Fundamentally, a lot of the issues with the modern internet come down to curation. Because curation is hard, and any solutions we come up with are inherently imperfect.

At first, we tried to solve the curation issue through webrings and pages of links to sites we enjoyed. Then algorithmic search came along and said “Let us handle that!”, and we let them. And for a while, it worked, until the perpetual arms race between content mills and search engines escalated and we ended up with dense codices of SEO summoning rituals that no solo creative could ever hope to keep up with.

Then along came corporate social media and their promises that if we built our communities within their walled gardens, we would never have to search. They would provide us an endless stream of relevant content, and they would keep the trolls and the nazis from our door. And maybe, if we were really lucky, we’d win the virality lottery and everyone would know our names, and that would be a good thing.

Our homes have been burned so many times, our communities scattered to the winds.

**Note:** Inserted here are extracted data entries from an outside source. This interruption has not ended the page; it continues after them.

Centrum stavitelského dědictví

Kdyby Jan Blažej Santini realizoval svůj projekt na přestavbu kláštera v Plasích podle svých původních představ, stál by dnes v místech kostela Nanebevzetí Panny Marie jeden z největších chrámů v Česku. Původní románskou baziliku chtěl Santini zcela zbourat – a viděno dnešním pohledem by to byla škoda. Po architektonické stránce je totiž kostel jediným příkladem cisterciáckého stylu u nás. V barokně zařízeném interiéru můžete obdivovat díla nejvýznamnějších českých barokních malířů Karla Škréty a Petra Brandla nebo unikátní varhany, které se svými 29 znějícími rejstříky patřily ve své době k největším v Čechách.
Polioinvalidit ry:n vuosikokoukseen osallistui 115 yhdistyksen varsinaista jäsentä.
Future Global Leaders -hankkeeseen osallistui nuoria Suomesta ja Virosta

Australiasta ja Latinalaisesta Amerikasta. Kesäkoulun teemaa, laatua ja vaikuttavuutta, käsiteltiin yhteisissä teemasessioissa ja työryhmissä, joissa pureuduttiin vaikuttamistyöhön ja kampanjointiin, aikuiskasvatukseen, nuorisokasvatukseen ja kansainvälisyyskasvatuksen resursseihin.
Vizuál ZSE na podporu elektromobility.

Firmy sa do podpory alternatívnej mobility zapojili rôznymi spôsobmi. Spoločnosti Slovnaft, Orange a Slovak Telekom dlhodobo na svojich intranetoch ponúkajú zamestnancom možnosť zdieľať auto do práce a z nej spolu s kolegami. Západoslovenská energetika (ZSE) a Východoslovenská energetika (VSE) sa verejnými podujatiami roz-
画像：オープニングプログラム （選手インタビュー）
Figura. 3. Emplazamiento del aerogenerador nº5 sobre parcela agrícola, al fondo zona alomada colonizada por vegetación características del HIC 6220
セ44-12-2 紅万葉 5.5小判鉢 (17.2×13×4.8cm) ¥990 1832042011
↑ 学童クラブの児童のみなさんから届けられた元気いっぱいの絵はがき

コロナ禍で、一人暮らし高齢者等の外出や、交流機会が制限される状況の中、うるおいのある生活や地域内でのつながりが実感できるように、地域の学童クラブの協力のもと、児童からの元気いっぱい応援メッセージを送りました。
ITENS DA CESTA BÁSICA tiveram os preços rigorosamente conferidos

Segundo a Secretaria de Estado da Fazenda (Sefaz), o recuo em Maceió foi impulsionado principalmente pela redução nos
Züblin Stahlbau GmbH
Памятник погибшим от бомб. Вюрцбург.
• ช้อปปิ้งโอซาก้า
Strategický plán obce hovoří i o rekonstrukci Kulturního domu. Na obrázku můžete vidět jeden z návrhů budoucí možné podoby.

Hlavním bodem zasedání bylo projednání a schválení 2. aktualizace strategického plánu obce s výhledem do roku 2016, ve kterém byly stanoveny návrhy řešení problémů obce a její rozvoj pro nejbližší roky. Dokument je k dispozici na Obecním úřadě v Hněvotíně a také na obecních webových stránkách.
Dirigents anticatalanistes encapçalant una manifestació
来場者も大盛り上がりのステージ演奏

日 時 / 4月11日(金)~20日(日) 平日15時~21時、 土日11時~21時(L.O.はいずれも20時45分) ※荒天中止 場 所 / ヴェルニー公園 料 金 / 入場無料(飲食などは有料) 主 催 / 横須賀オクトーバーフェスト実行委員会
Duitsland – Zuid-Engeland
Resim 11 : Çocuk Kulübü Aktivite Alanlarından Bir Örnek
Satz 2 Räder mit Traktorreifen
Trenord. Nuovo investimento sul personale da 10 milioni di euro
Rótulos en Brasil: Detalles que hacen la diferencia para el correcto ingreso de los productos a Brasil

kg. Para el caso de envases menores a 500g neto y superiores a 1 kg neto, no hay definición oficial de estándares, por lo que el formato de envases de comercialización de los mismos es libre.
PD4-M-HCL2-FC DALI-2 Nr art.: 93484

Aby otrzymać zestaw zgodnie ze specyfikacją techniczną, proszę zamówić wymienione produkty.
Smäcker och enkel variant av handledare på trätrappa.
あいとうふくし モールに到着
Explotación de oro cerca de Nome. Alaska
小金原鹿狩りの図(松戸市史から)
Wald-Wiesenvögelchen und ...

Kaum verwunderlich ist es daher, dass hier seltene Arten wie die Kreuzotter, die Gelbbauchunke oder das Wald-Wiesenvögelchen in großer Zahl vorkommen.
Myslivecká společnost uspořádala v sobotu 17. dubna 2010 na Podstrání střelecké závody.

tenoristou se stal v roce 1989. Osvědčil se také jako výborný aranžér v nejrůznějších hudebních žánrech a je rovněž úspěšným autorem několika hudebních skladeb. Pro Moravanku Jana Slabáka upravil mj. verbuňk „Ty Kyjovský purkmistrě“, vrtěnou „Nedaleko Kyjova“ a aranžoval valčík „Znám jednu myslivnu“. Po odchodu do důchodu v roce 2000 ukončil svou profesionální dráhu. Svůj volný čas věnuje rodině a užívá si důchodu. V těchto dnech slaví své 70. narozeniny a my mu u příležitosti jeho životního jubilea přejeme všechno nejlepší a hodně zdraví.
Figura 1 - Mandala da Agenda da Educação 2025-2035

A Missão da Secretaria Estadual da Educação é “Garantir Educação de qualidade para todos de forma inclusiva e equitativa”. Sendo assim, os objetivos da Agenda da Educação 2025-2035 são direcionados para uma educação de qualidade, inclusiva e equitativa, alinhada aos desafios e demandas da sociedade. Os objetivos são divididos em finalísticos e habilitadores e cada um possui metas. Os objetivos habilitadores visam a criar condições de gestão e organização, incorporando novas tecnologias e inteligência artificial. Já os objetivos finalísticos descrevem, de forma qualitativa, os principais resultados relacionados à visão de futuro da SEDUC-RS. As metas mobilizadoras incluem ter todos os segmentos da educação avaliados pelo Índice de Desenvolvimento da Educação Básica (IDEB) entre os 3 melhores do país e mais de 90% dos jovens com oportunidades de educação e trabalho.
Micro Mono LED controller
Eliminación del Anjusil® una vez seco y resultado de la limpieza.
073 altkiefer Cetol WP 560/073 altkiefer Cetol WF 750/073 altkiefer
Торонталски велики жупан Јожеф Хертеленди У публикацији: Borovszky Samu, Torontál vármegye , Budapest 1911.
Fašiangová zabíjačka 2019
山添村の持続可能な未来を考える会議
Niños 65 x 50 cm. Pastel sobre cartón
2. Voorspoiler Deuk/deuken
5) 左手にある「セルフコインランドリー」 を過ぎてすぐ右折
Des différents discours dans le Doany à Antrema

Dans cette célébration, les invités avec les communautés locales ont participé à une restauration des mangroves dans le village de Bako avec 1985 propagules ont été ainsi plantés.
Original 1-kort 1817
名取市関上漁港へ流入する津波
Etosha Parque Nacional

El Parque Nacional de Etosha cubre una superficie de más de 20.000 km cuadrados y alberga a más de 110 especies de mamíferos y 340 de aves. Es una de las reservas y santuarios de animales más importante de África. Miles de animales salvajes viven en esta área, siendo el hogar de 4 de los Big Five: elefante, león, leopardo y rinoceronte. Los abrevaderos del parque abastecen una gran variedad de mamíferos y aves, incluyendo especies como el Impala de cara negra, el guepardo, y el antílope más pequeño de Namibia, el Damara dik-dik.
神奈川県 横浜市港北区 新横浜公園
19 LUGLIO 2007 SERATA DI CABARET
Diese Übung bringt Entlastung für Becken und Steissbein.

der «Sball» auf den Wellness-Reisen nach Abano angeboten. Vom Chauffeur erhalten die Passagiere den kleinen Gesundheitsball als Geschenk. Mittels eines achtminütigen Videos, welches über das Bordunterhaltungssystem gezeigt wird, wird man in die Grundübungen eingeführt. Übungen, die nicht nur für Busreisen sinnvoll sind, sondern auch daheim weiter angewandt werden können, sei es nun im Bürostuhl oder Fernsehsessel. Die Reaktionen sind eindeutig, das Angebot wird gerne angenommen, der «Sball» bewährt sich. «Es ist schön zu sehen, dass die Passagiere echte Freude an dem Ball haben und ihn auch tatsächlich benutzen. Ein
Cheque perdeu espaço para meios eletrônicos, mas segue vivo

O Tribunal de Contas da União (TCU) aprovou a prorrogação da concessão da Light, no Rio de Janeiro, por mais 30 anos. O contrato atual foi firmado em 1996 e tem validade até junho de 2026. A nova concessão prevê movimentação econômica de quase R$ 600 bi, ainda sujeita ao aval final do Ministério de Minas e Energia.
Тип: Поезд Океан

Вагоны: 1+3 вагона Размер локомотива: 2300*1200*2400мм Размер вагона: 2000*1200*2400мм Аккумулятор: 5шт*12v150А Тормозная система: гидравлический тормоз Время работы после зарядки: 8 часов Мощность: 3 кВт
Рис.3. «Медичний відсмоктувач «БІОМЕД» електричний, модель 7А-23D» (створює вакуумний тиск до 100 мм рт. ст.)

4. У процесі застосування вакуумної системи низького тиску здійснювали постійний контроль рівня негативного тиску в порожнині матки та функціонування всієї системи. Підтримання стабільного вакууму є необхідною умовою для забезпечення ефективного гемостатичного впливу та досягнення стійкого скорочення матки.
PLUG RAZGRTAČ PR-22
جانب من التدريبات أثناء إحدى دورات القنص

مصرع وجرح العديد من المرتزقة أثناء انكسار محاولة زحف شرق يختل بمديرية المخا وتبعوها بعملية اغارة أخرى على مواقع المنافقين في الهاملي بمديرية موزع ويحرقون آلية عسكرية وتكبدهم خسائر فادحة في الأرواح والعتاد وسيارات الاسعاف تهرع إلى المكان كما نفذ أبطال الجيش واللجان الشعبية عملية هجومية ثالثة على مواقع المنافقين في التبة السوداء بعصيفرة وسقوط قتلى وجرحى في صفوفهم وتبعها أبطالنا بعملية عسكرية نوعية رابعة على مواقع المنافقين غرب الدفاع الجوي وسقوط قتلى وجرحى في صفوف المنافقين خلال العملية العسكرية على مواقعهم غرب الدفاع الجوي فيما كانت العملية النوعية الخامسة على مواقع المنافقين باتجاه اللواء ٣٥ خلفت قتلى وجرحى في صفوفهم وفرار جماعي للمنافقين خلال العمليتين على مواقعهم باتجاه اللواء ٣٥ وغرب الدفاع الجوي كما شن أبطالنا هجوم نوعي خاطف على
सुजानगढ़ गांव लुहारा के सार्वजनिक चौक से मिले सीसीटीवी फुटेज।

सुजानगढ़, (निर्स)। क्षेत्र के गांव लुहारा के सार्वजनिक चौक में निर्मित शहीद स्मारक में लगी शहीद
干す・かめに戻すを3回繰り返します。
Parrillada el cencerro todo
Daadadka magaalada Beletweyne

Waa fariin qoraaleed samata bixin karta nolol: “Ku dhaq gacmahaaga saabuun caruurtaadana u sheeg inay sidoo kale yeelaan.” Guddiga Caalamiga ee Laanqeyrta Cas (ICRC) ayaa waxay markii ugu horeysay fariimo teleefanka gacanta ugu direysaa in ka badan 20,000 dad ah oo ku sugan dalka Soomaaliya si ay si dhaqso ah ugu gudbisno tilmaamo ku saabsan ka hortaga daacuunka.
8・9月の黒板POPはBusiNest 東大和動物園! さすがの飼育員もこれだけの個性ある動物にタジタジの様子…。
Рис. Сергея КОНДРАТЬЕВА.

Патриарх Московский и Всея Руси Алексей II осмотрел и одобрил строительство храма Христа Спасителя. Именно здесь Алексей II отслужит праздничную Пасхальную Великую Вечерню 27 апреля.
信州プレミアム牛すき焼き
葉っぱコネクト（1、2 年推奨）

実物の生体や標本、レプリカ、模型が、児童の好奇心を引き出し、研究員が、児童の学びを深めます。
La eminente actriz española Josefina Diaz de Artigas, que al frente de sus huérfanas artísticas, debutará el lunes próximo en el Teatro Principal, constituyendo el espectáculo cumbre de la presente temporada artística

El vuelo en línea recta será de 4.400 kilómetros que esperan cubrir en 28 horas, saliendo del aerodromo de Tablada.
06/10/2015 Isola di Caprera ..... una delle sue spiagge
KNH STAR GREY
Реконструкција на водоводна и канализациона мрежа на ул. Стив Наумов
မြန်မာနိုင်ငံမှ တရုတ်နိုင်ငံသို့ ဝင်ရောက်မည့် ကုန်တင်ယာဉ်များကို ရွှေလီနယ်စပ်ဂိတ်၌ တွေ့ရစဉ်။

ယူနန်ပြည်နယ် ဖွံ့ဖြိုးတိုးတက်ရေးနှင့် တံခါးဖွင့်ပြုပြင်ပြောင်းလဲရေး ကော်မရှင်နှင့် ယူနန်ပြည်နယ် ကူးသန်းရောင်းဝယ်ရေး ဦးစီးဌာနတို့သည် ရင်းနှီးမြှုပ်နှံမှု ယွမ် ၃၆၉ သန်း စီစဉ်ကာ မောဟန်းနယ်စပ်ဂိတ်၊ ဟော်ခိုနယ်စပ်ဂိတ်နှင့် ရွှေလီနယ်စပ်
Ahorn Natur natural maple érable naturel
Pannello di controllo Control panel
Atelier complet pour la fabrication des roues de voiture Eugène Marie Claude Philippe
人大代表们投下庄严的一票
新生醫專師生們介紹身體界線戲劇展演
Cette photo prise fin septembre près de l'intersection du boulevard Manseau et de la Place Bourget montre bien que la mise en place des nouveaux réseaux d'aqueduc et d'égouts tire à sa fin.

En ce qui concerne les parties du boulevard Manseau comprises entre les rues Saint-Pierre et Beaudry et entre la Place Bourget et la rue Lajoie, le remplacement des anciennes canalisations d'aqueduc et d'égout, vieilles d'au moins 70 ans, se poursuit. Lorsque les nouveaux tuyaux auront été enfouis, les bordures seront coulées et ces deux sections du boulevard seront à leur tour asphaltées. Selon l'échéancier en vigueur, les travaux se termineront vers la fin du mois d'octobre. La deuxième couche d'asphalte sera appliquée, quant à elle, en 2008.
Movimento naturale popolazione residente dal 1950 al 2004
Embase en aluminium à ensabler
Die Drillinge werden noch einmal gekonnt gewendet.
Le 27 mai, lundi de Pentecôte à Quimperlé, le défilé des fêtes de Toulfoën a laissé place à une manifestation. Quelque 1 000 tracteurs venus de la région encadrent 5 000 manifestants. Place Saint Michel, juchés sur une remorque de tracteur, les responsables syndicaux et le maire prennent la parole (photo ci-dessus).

And we’ve rebuilt, found new peers, learned the culture and customs of each new home we’ve found. Our web presences have existed on centralised servers, on Livejournal and Facebook and Twitter and Tumblr, and each time some CEO turns out to be an asshole, each time techbros invite bigots to the table, each time they leap to incorporate the next new extractive technology in their product, we pack up our things and move on.

And each time, a little more is lost.

I’ve had enough of staying ahead of the flames as the forest burns.

I want somewhere that I own, a curated space devoid of opaque algorithms and unscrupulous scripts, where I can show off my creative work. Anyone who likes my work can be assured that this is where I will remain, a rock amidst the torrent.

And I’m not naive. I recognise that by choosing not to engage with SEO or corporate social media, I’m limiting my reach. Or maybe small creative sites are going to struggle in the current state of algorithmic search anyway, so all I’m gaining is a sense of peace. A quiet space, where those folks who find me can enjoy my work as they see fit.

I hope you stay a while, read a little, engage with the way I see the world. And maybe if you do, you’ll tell your friends about this Creative Space.